Reborn as a Modern Chinese Restaurant Embracing the Culture and Vitality of Guangdong

"Return to Mureungdowon" Lotte Hotel World, 'Dorim The Canton Table' Renewed and Reopened View original image

[Asia Economy Reporter Eunmo Koo] Lotte Hotel World Dorim announced on the 26th that it has completed the renewal that began in May and will reopen as ‘Toh Lim The Canton Table’ on January 1st next year.


Opened in 1998, Lotte Hotel World Dorim has established itself as a representative restaurant of Lotte Hotel and the Jamsil area. While maintaining Dorim’s firm philosophy and service rooted in history and tradition, it presents a Chinese restaurant harmoniously blending trends and modern sensibilities. The modern and sophisticated casual fine dining Chinese restaurant, Toh Lim The Canton Table, is based on Cantonese cuisine and completes a new style that harmoniously combines Sichuan cuisine and Korea’s seasonal ingredients.


The interior overall creates an emotional atmosphere using subtle jade (翡翠), natural wood tones, and refined metal colors. Additionally, artworks such as paintings and ceramics reflecting the origin of Dorim, the mythical Murungdowon (Peach Blossom Land), are displayed throughout the restaurant, evoking a gallery-like feeling. The space is efficiently and diversely arranged. With an area of 289 pyeong, the number of seats has been increased by about 1.5 times compared to before, providing 146 seats including eight PDRs (Private Dining Rooms) accommodating from 4 to 12 people. In the middle of the hall is the tea station, a specialized service of Toh Lim The Canton Table. It offers 15 types of teas carefully selected by a tea sommelier, including blended teas and blooming teas where flower petals spread in the cup. Customers who order tea can also enjoy a tea ceremony where the sommelier brews the tea directly.
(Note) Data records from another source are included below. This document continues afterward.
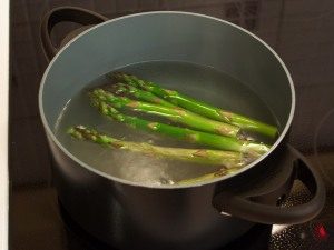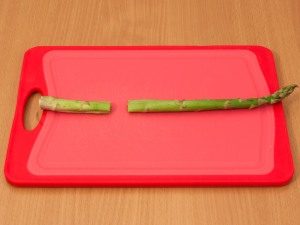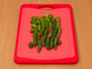 - قطع الجزء الثابت غير صالح للأكل من الهليون ، ضع الباقي في وعاء من الماء المغلي ، ويطهى لمدة خمس دقائق. الهليون المبرد مقطعة إلى قطع صغيرة.
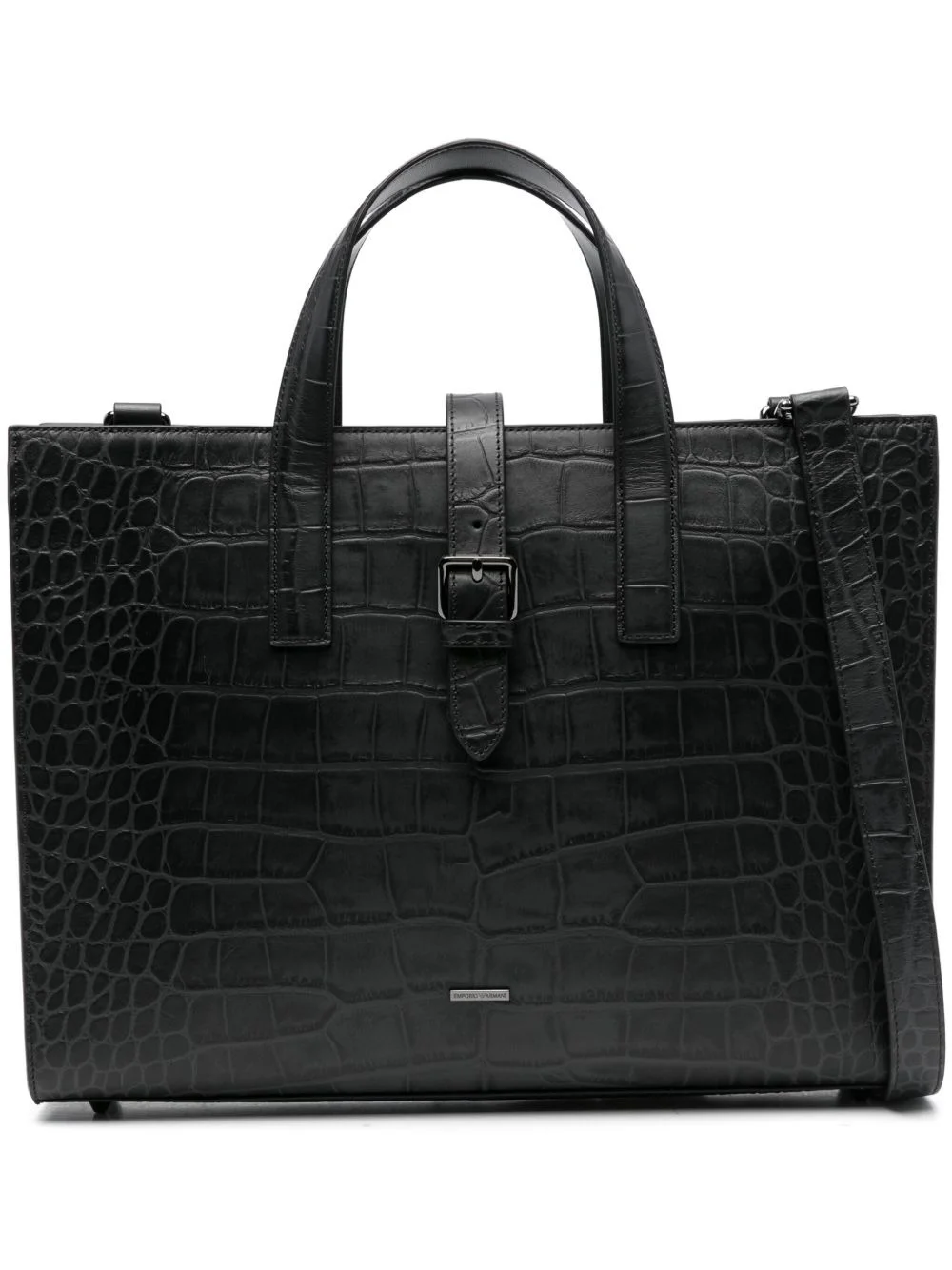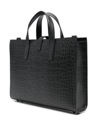 crocodile-embossed buckle tote bag Highlights - Black - Crocodile effect - Buckle fastening - Top handles - Rectangular shape Imported Composition Lining: Cotton 42% Outer: Calf Leather 100% SIZE & FIT Model measurements Height 6 ft 1 in(1.85 m) Bust/Chest 35.82 in(91 cm) Hips 37.79 in(96 cm) Waist 29.13 in(74 cm) Measurement DEPTH 3.14 in(8 cm) HANDLE 5.51 in(14 cm) HEIGHT 12.99 in(33 cm) WIDTH 15.74 in(40 cm)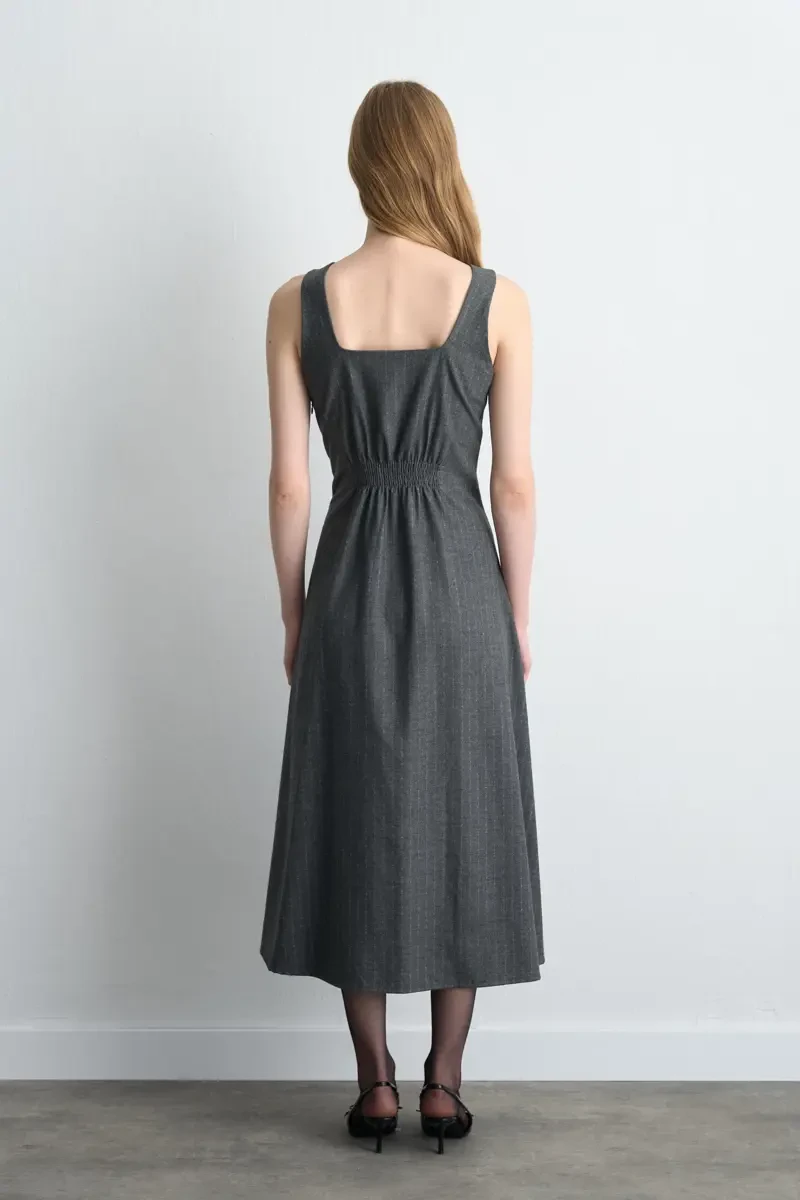 Gri tonu sade ve modern bir görünüm kazandırır. Askılı formu zarif bir duruş oluşturur. Akıcı kumaşı konforlu bir kullanım sağlar. Uzun boyu feminen bir siluet sunar. Günlük veya katmanlı kombinlerde şık bir alternatif oluşturur.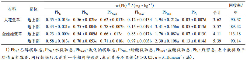 表 3 2种萱草地上、地下部分各化学形态铅含量 Table 3 The Pb contents of different chemical forms in above and below ground parts of two types of Hemerocallis plants |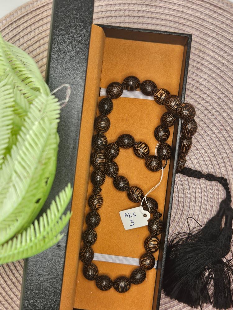 سبحة مميزة مصنوعة من خشب النارجيل الطبيعي (جوز الهند)، تتميز بلونها البني الداكن المائل للأسود مع لمعة خفيفة تمنحها طابعًا أنيقًا وأصيلًا. تمتاز الحبات بصلابتها وخفتها في اليد، مما يجعلها مريحة للاستعمال اليومي ومثالية للتأمل والتسبيح. سبحة خشب النارجيل تحمل لمسة طبيعية فريدة تعكس البساطة والفخامة في آن واحد، وتُعد خيارًا رائعًا للاقتناء أو للإهداء كقطعة ذات قيمة روحانية وجمالية.

The menu has also been completely revamped. Guests can enjoy a variety of dishes centered on BBQ dishes including Peking duck and dim sum. In particular, professional chefs from various fields in China were recruited to faithfully reproduce the roots and essence of Cantonese cuisine. Chef Xu Haidong, who learned cooking methods at China’s largest Peking duck specialty restaurant, delivers the best taste using a specialized wood-fired oven for Peking duck. To maximize the crispy skin and flavor, the duck is cooked after 12 hours of low-temperature aging, and the table-side carving performance adds visual enjoyment.


Chef Nak Neungdong, a Cantonese cuisine specialist with a high-level cooking technician certificate, and Chef Jung Dongmyung, who has experience as an executive chef at international hotels in China and as head chef at a Dubai hotel in Guangdong Province, present the finest Cantonese dishes including noodles, seafood, and dim sum. Especially, they offer 16 types of dim sum for lunch and 5 types for dinner, ranging from basic dim sum to distinctive peach-shaped and character dim sum.



A representative of Lotte Hotel World said, “From the name, concept, interior, menu, to service, we have prepared Toh Lim The Canton Table with a charm completely different from the previous Dorim. We hope you experience a sophisticated modern Chinese restaurant that embodies Cantonese culture and vitality within Dorim’s heritage.”


This content was produced with the assistance of AI translation services.